Now please understand me. Good Christian people who are loving and wonderful and are not at all racist or sexist or homophobic voted for the Republican nominee for many good and sensible reasons: Some have always voted Republican. Some were voting for change in Washington politics by an outsider, some were voting for a different economic plan with less government spending, and some were voting in the hope for future right leaning supreme court nominees. I know that some of you did and I know that you are also shocked and appalled by all of these hateful words and behaviors. –Many people I know held their noses and ignored the terrible comments that Trump had made during the campaign and they voted for him anyway.
But the underlying tenor of the Trump campaign, the fear mongering, the hate rhetoric and the discounting of another person’s humanity are all things that are not acceptable to Christians who believe that everyone is made in the image of God. Such behavior is untenable as a follower of Jesus Christ. And we must call it out whenever we see it and not just dismiss it as stupid campaign rhetoric or a typical politician’s lies. We cannot ignore it just because it is inconvenient to our celebrating a political victory. We cannot make an idol out of political power and influence and pursue that while blindly allowing ourselves to be unaware of what these hateful words and policies mean to those who are vulnerable. We as followers of Jesus cannot accommodate hate speech in any form, whether it comes from a Trump supporter or a Hillary supporter. —And a Hillary supporter calling all Trump voters sexist or racist for their simple vote or actually beating up a Trump voter in the street or rioting and destroying property are all behaviors that also cross that line from civil discourse and honest disagreement into hate. Tweeting death threats to Donald Trump[vii] is not treating others as a person made in the image of God!

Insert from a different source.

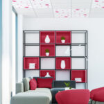 1. ครัวแพนทรีออกแบบเคาน์เตอร์ชิดผนัง ดีไซน์ตู้แขวน ช่องเก็บของ และลิ้นชักให้ขนาดพอดีกับเครื่องใช้ไฟฟ้าและอุปกรณ์ครัวที่มีอยู่ เลือกใช้หน้าบานโทนสีเทาและเพิ่มลูกเล่นด้วยผนังลายหินอ่อน ส่วนมุมโต๊ะกินข้าวเลือกใช้เป็นโต๊ะไม้สีเข้มแมตช์กับเก้าอี้หลายสีสันหลากดีไซน์ ช่วยให้ครัวดูอบอุ่นๆ และใช้งานได้อเนกประสงค์ วางของ นั่งเล่น นั่งกินข้าว รับรองแขก
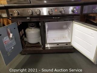 Lot Details: Built in lower cooler. Comes with propane tank. Igniter & burners are working. 48" H x 68" W x 23" D.

In our Ephesians scripture passage this morning, we have two groups of people who are in fundamental disagreement and in a terrible relationship with each other. The Jewish Christians and the Gentile (non Jewish) Christians had a massive and fundamental disagreement about the need to follow Jewish law in order to be faithful disciples of Jesus Christ. The Jewish Christians of course were the ones who held to all of the laws that were given to them in the Torah. They followed the laws of circumcision for all of the males and they were very careful to only eat food that was certified by the Priests and the Levites as being kosher. They were especially careful about the laws in keeping the Sabbath holy and would be certain to not work on the day that was dedicated to the Lord their God. To the Jewish Christian, following Christ was done in addition to keeping all of the laws of the Torah and following their prescribed way of life that they had been keeping alive for centuries. For them, there was simply no other way that would be acceptable to live.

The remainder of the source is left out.